E falar que determinado jeito de mamar, ou determinado gesto é incômodo ou causa dor, é falar a VERDADE, ou seja, muito distante de toda a encenação, de toda a artimanha que envolve a tal "técnica do mamá dodói".
Ajudar a criança a entender que precisa tomar cuidado com o peito da mãe ou até pedir para que ela mame menos, é dizer a verdade, dizer que o leite "estragou", que o peito está doente, e por isso a criança não poderá mais mamar, é MENTIRA.

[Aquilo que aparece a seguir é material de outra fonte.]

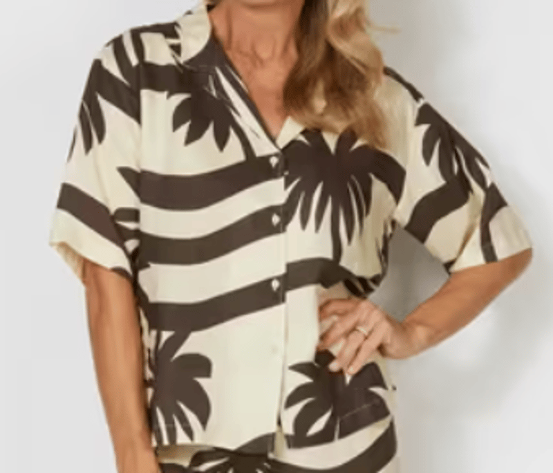 RRP: $189, Angie Shirt, Pippa Ridley, Size: XL, Colour: Cocoa Palma Print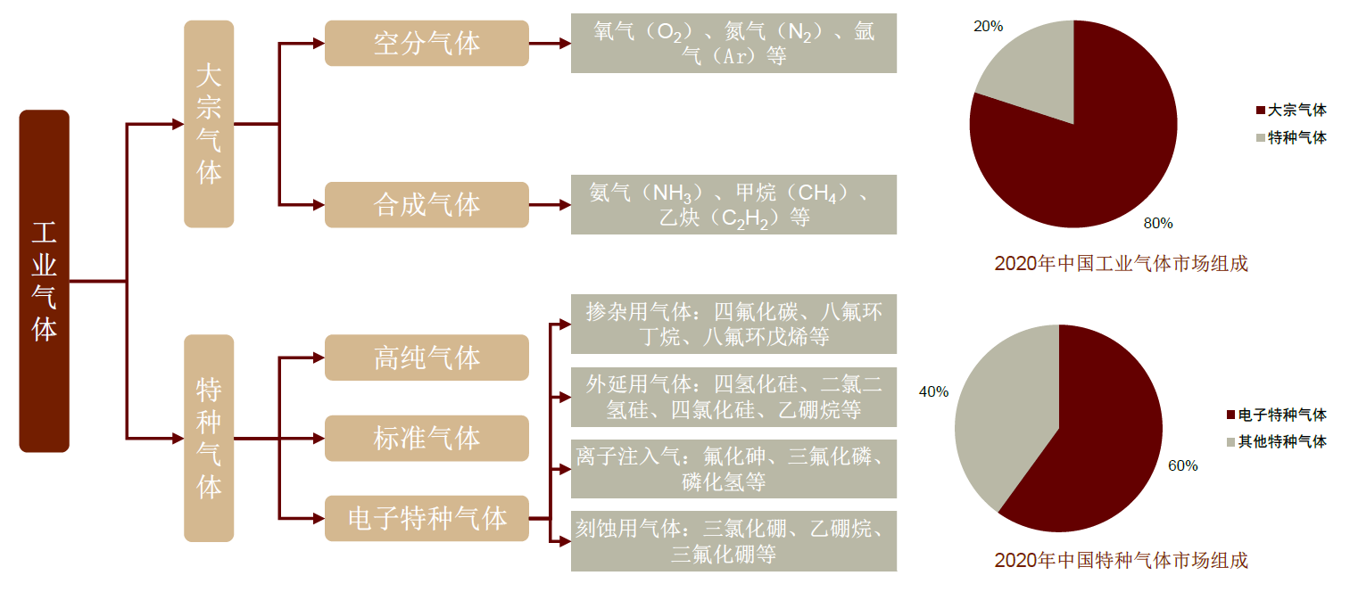 工業氣體是(shì)現代工業重要的基礎原料,因其種類範圍(wéi)廣泛、應用於眾多基礎領域,被(bèi)稱為“工業的血液(yè)”,對國民經濟的(de)發(fā)展具有戰略性和先(xiān)導性的作用。按照純度、應用領域的不同,工業氣體可以分為(wéi)大宗氣體(tǐ)和特種氣體。

Cedo ou tarde a criança saberá que foi enganada, que tudo que viu e ouviu sobre o mamá era uma invenção, uma maneira de enganá-la, uma grande mentira, contada principalmente por quem ela mais ama e confia.
Caso já tenha usado desta técnica para tentar o desmame, se ainda houver tempo, simplesmente reconsidere e volte atras, diga que o mamá sarou, e conduza o desmame de outra maneira.
Se o desmame já é irreversível, tente focar sua relação com seu filho na verdade e sinceridade, se houver meios ou motivos aparentes, conte a verdade para ele, diga que não sabia que seria ruim fazer daquele jeito, que sente muito e que não mais vai contar mentiras para ele.
Eu nunca soube de um único caso em que a amamentação por muitos anos foi um problema na vida da pessoa, mas já vi casos em que o tipo de desmame feito causou prejuízos.
Portanto, o problema nem sempre é o desmame, e sim a maneira como ele foi conduzido.
Lembre-se, que embora raro hoje em dia, cercado de preconceitos e ignorância, o desmame natural é plenamente possível, a criança vai deixando de mamar aos poucos até que deixa definitivamente, tendo suprido todas as suas necessidades físicas e emocionais, crescendo bem resolvida, e forte emocional e psiquicamente.
O mais importante é construir uma relação de confiança com os filhos, e a amamentação pode ajudar muito nesta construção, mas é preciso que os adultos envolvidos sejam atentos, sensíveis e empáticos ao lidar com os bebês e crianças.
Confiança se constrói um pouco a cada dia, baseando a relação no carinho, no respeito e na sinceridade.
Crianças compreendem muito bem aquilo que dizemos, e compreendem ainda melhor aquilo que nem falamos, por isso reflita bem antes de tomar qualquer decisão.